What are the expected advantages of fusion reactors over fission reactors?

Fusion energy comes from the process of combining two light atomic nuclei to form a heavier nucleus. This is the same type of reaction that powers the sun.
A key advantage of fusion energy is its potential to produce significantly more energy compared to traditional fission energy. Fusion reactions can theoretically release about four times more energy than fission reactions. Another important point is that fusion fuels (like isotopes of hydrogen, such as deuterium and tritium) are more abundant and can be extracted from sources such as water. This means that fusion energy can provide a more sustainable and long-lasting energy supply.
The process involves smashing hydrogen nuclei together at extremely high temperatures, causing them to merge and release energy. Because of the amount of energy released, fusion holds the promise of producing large amounts of electricity.

Fission energy is created when a heavy atomic nucleus splits into two lighter nuclei, releasing energy. This process is used in current nuclear reactors and atomic bombs.
Even though fission energy is potent, it has some drawbacks compared to fusion. The fuels used for fission, such as uranium or plutonium, are not as abundant as the fuels for fusion. Additionally, the fission process generates a significant amount of radioactive waste, which poses long-term environmental and health risks.
In a fission reactor, a neutron collides with the nucleus of a heavy atom, typically uranium-235 or plutonium-239, causing it to split into smaller parts. This reaction releases a substantial amount of energy in the form of heat, which is then used to produce electricity.
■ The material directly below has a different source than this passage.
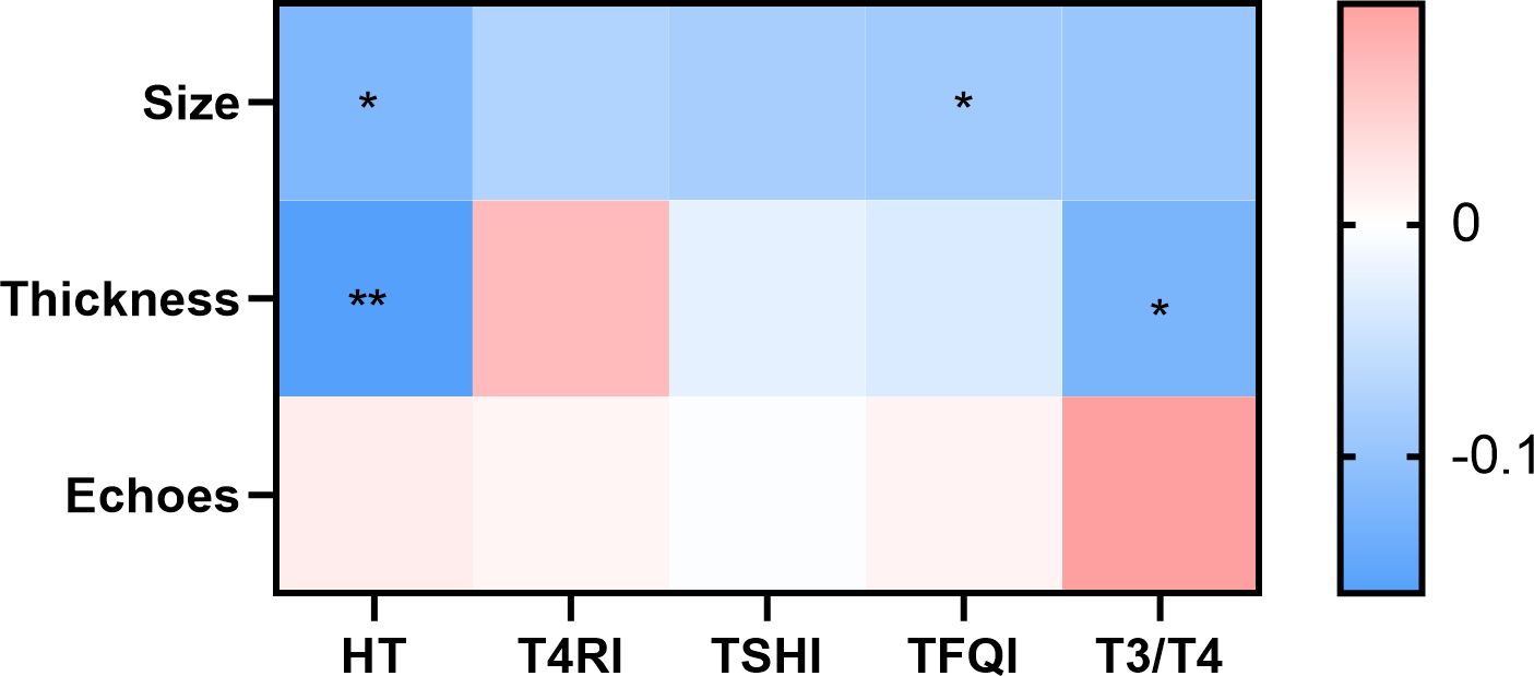 Figure 3. Contribution of HT and thyroid hormone sensitivity to carotid plaque properties. There was a difference in plaque size between the HT and non-HT groups. With TFQI quartile grouping, there were differences in plaque size between groups; T3/T4 and HT differed between the group with a plaque thickness <2 mm and the group with a plaque thickness greater than or equal to 2 mm. Color indicates correlation coefficient. p <0.05 indicates a statistical difference. *p < 0.05, **p < 0.01.

Radioactive waste is an important consideration when comparing fusion and fission reactors.
Fission reactors produce a significant amount of radioactive waste, including spent fuel and other materials that are contaminated with radionuclides. This waste remains hazardous for thousands of years, requiring secure storage and management to protect human health and the environment.
On the other hand, fusion reactors generate much less radioactive waste. The primary waste product of fusion is helium, which is non-toxic and non-radioactive. Although some radioactive waste is still produced, it has a much shorter half-life and is generally less hazardous than the waste from fission reactors. This makes the management and disposal of fusion waste simpler and safer.
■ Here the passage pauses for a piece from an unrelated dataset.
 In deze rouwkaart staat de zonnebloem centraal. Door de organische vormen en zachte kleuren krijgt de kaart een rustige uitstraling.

Nuclear safety is a crucial factor when evaluating energy sources.
Fission reactors pose several safety risks, including the possibility of a catastrophic meltdown. If the reactor's cooling system fails, the core can overheat and release large amounts of radiation into the environment, as seen in incidents like Chernobyl and Fukushima.
Fusion reactors, however, have a lower risk of such catastrophic failures. The fusion reaction requires extremely specific conditions to sustain, such as high temperatures and pressures. If these conditions are not maintained, the reaction naturally stops. As a result, fusion reactors are inherently safer and avoid the risk of meltdown. However, maintaining the precise conditions needed for fusion is a significant engineering challenge.
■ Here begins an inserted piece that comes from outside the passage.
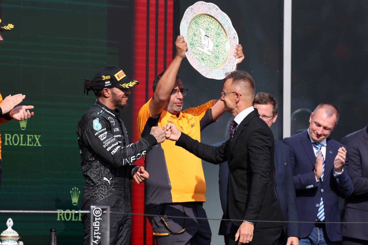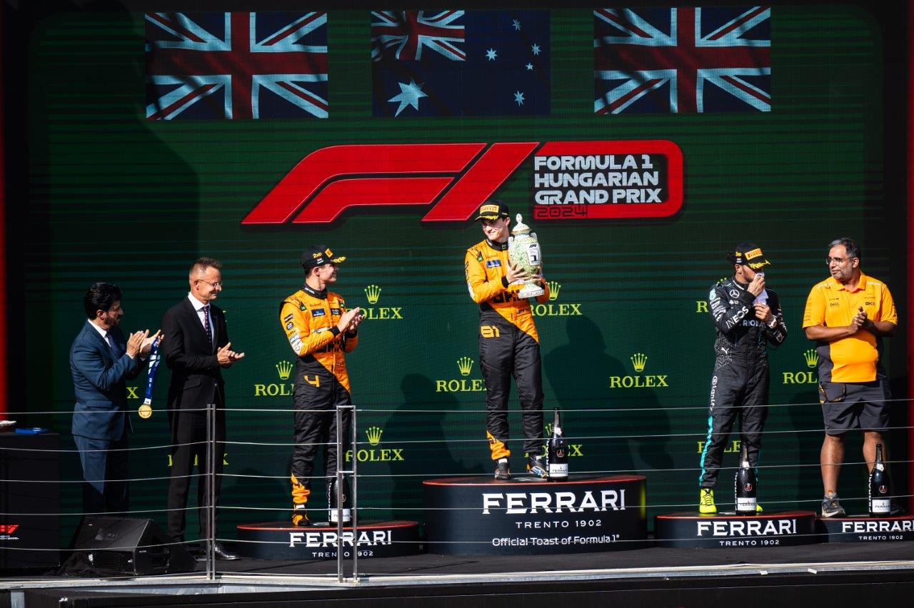 Ezúttal Oscar Piastri (McLaren) aratott győzelmet a Formula–1-es Magyar Nagydíjon, Másodikként Lando Norris (McLaren) szelte át a célvonalat, míg harmadikként Lewis Hamilton (Mercedes) végzett. A konstruktőri tálat így a McLaren csapat nyerte.

Fuel sources for fusion and fission reactors are quite different, which impacts their sustainability and availability.
Fusion reactors use isotopes of hydrogen, such as deuterium and tritium, which are relatively abundant. Deuterium can be extracted from water, and tritium can be produced from lithium, making fusion fuel more easily accessible and sustainable in the long term.
In contrast, fission reactors rely on heavy elements like uranium and plutonium. These elements are less abundant and must be mined and refined, processes that can be environmentally damaging. Additionally, the availability of uranium is limited, which raises concerns about the long-term sustainability of fission energy.